WHAT TO DO: Skip all pictures. Set down only the lines starting at the line containing "2. Disconnect the" and running to the end of the listing.

DATA EXTRACT:
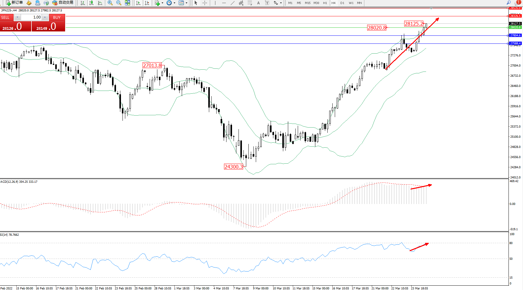 日经指数JPN225——4小时K线图显示:
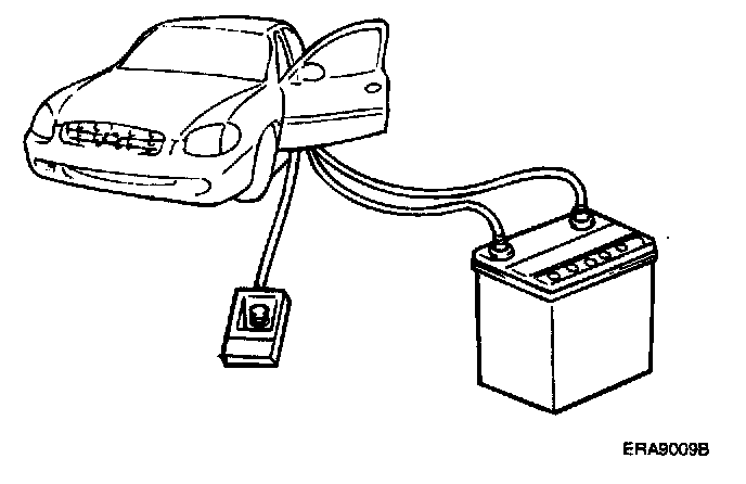 2. Disconnect the negative (-) and positive (+) battery cables from the battery terminals, and then remove the battery from the vehicle.
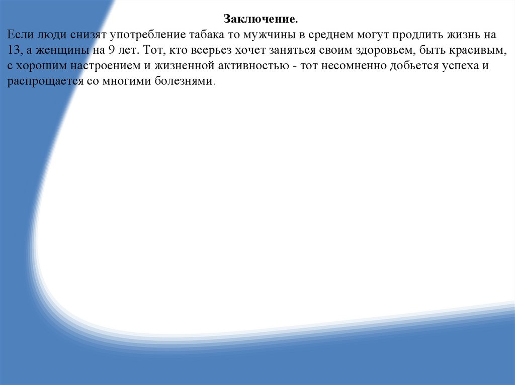 Заключение.Если люди снизят употребление табака то мужчины в среднем могут продлить жизнь на

SOLUTION FOR THIS EXERCISE:
 2. Disconnect the negative (-) and positive (+) battery cables from the battery terminals, and then remove the battery from the vehicle.
 Заключение.Если люди снизят употребление табака то мужчины в среднем могут продлить жизнь на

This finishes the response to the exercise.